So my wife and I have made it to Amsterdam and after a month we’re now half-way through our trip before we leave for Iceland, Paris and then head back to Cape Town.

Here’s a list of what I’ve learnt along the way with regards to photography while travelling:


In the Bag

Analogue camera bodies weigh a lot less than their digital counterparts. The batteries, CF cards, SD cards, chargers and all the other pieces that make up the digital workflow just add up to something you think twice about when going out for the day. There is a certain peace of mind you have when all you need to do is grab your body, spools and some lenses.

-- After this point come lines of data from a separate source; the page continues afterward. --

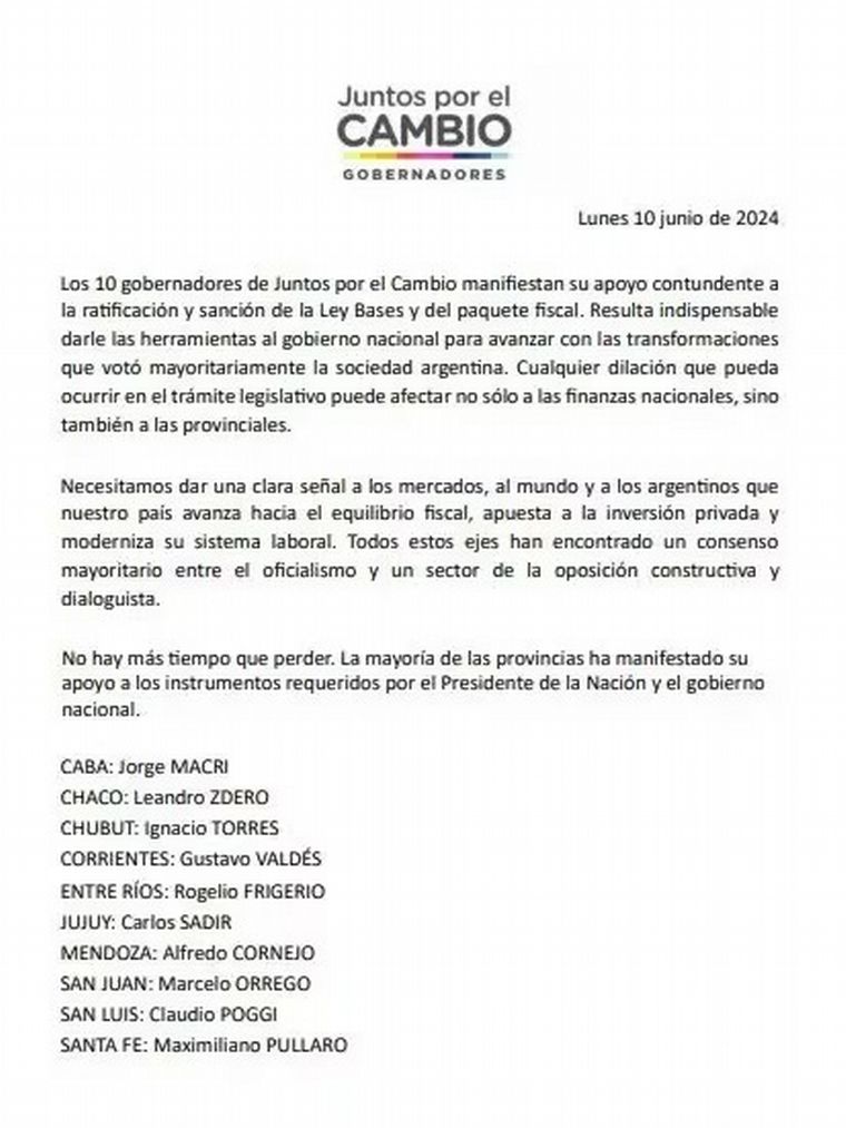 Los gobernadores de Juntos por el Cambio (JxC) respaldaron este lunes la Ley de Bases y el paquete fiscal, proyectos que serán debatidos el próximo miércoles en el Senado, mientras advirtieron que "cualquier dilación que pueda ocurrir puede afectar no solo a las finanzas nacionales, sino también a las provinciales".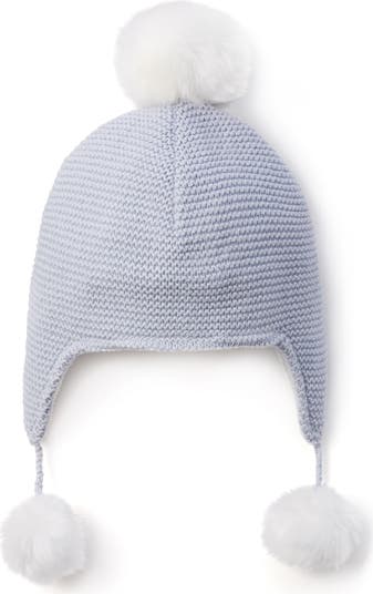 A supersoft fleece lining adds warmth to this cotton-knit beanie with playful pompom details.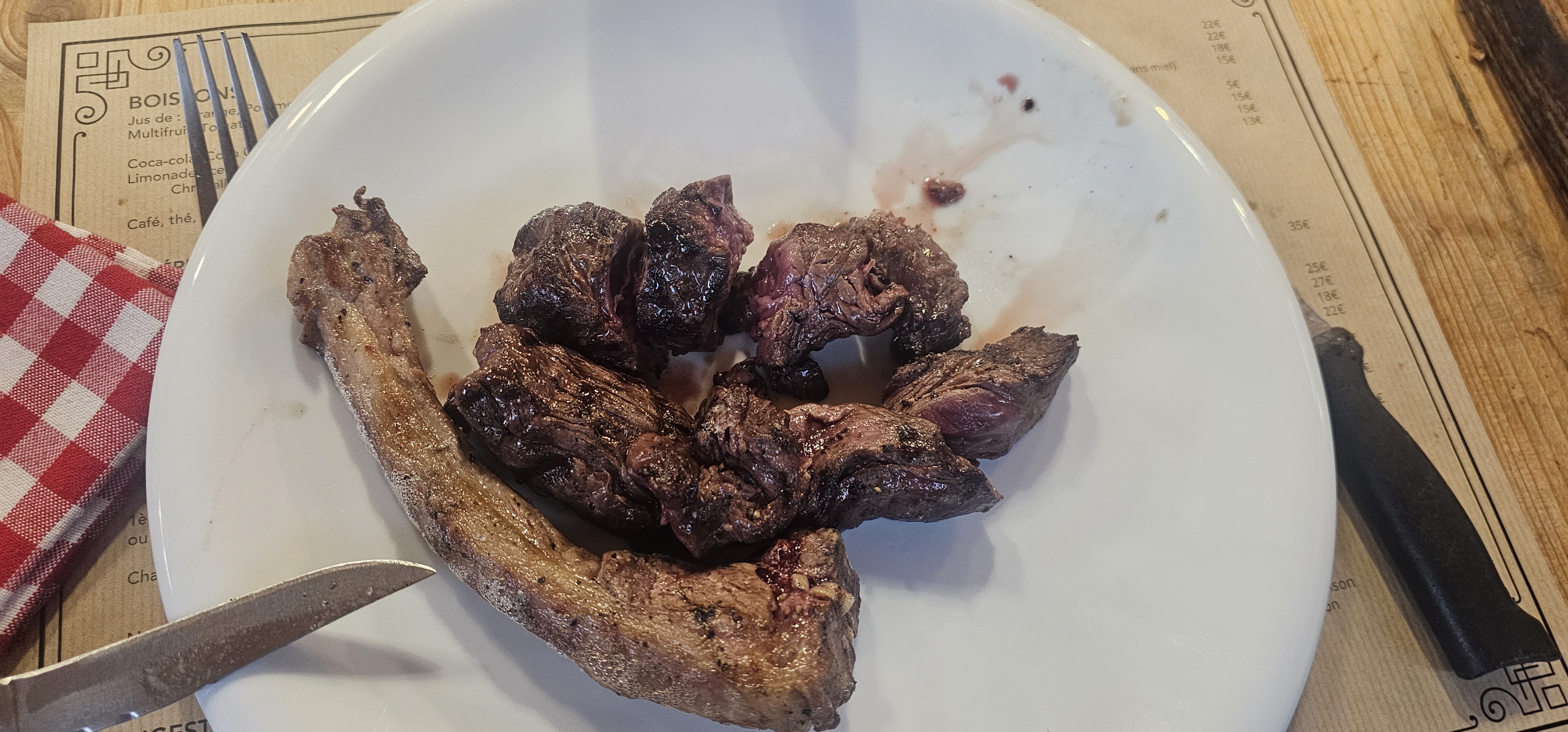 Cote a l os d 1 kg seuls 300 g dont comestibles le reste déchets gras et os.On nous prévient dur une ardoise les prix augmentent il nous rn coûtera 10 € de plus sur la côte.Nos salaires et retraites n ont pas explose comme vos tarifs, ! Le foie gras aussi a pris une augmentation mais seulement de 2 €. Il était très bon et la hausse raisonnable et compréhensible. Nous ne recommandons pas.

It can be very costly to scan negatives. It’s about 9 up to 11 Euro to scan one spool. If you’re a professional photographer, you can have upto 5 spools that need to go through the process, so it can affect your budget quickly. Negative scanners are bulky and you won’t have space in your bag of one. The other option is to buy a small scanner like the Braun NovoScan 1, but it won’t give you the quality you need, and it’s rather a sampler to choose images before scanning.


End result

The feeling I get from photographs I’ve taken on 35mm, vs what I get with the digital body differ. I am not sure if it’s the film vs. sensor, the quality of 35mm negative film vs digital RAW files, or the time I take to compose the shot with analogue vs the multiple shots I take of a given moment when shooting digital.



It takes time to change the spool every 36 shots. Moments aren’t missed, but the energy you have while shooting is interrupted by it. (You also have to let the model know about being a lot slower than what a digital session would entail.)


After the fact

There is also no check to see if you’ve got the shots you want until you have it processed and scanned to disc. This can take up to two days until you have any idea.

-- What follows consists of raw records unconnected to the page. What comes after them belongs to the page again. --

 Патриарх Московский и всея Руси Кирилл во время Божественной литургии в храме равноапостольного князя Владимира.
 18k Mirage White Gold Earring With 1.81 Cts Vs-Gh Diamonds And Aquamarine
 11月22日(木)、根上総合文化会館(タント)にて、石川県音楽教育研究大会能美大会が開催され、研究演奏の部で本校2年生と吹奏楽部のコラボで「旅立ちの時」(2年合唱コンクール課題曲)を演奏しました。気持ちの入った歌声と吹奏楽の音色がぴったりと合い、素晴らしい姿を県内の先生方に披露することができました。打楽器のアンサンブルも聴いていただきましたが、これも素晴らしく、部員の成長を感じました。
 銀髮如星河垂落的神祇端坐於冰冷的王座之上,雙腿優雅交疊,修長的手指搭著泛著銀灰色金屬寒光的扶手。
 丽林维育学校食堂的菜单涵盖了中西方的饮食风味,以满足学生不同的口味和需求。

But, the time I take to post-process the files vs that of a digital RAW differ immensely. I almost need no retouching, and the grading is already done with 35mm. I might push contrast or dodge and burn certain areas, but it’s mostly done on the fly. With a digital flow I have to emulate the film aesthetic, and edit it to show the images in my style.

Overall, I usually shoot digital for work and analogue for my personal projects. What is possible to do, is to use the digital as a light-meter in studio, so your shots will be correctly exposed.

When snapping images as part of my life story, I take it with film. There is just a nostalgic feeling I get when going through them, similar to when looking at my parent’s photo albums, and I enjoy going through my images captured on film a lot more than the digital pics. I ‘feel’ them a lot more, and they mean a lot more today just because of the fact that it’s the medium I chose to use for my passion and personal work.